Location
- Country: Australia

Physical characteristics
- • location: 10 km southeast of Broomehill
- • elevation: 323 metres (1,060 ft)
- • location: Beaufort Inlet
- Length: 250 km (160 mi)
- Basin size: 4,795 km^{2} (1,851 sq mi)
- • average: 24,800 ML/a (0.79 m^{3}/s; 27.8 cu ft/s)

= Pallinup River =

River in Western Australia

The Pallinup River is a river in the Great Southern region of Western Australia. It was previously known as Salt River.

The Pallinup rises 10 km southeast of Broomehill, and flows in a southeasterly direction toward the coast passing through Kybelup Pool and discharging into the Southern Ocean via Beaufort Inlet.

The river is one of the longest rivers in the region and its tributaries flow through the towns of Borden and Gnowangerup.

The local Noongar people also know the river as the Mara River; it is regarded as a place of historical importance as the Noongar have camped, fished and traded along the banks of the river for generations.

The river is ephemeral and the estuary at Beaufort Inlet can be closed to the sea for long period of time by a sand bar in the channel.

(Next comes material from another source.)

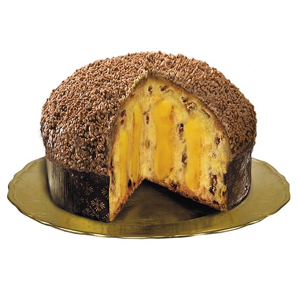 Panettone allo zabaione, senza canditi nè uvetta, con gocce di cioccolato e ricoperto di cioccolato fondente.
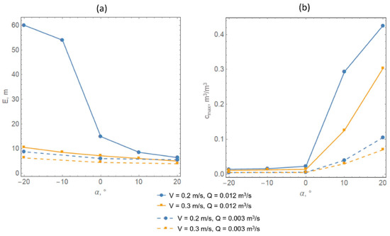 Figure 9a shows the calculated methane cloud lengths as a function of the inclination angle for two air velocities (0.2 and 0.3 m/s) and two methane emission rates (0.003 m3/s and 0.012 m3/s). We considered a realistic range of possible dead-end drift inclinations in potash mines plus a certain margin, where negative angles of inclination indicate that the dead-end face is below the drift mouth and positive angles indicate it is above the drift mouth. In general, Figure 9 shows that the resulting dependence is highly non-linear in all considered parameters. At a high methane emission rate of 0.012 m3/s, an air velocity of 0.2 m/s can no longer localize the methane cloud near the dead end. At a low methane emission rate of 0.003 m3/s, no significant changes in the methane cloud length occur at air velocities of either 0.2 m/s or 0.3 m/s. Considering the actual methane emission rates [38,39] in the potash mines of the Verkhnekamskoye potash salt deposit, the slope angle is likely to have almost no effect on the length of the methane cloud. However, in other mines, where methane emission rates may be higher, this fact may not be true.

The water in the river is considered to be saline with salinity levels varying from 3‰ when the river is flowing to over 50‰ in pools during summer.

==Tributaries==
The Pallinup has many tributaries, including Warperup Creek, Six Mile Creek, Pendenup Creek, Peendebup Creek, Monjebup Creek and Corackerup Creek. No potable surface water sources are present in the Pallinup. The water quality ranges from brackish to saline. The best quality water streams exist in the Stirling Range National Park area of the catchment, which is the occasional source of snow-melt water.

==Condition==
The Pallinup is showing signs of degradation. Increased salinity, loss of riparian vegetation, weed invasion, erosion and high nutrient levels are all problematic. Much of the river is fenced but sections were lost in the 1955 and 1982 flood events. It is estimated that 85% of the catchment area is cleared mostly in the upper reaches of the river.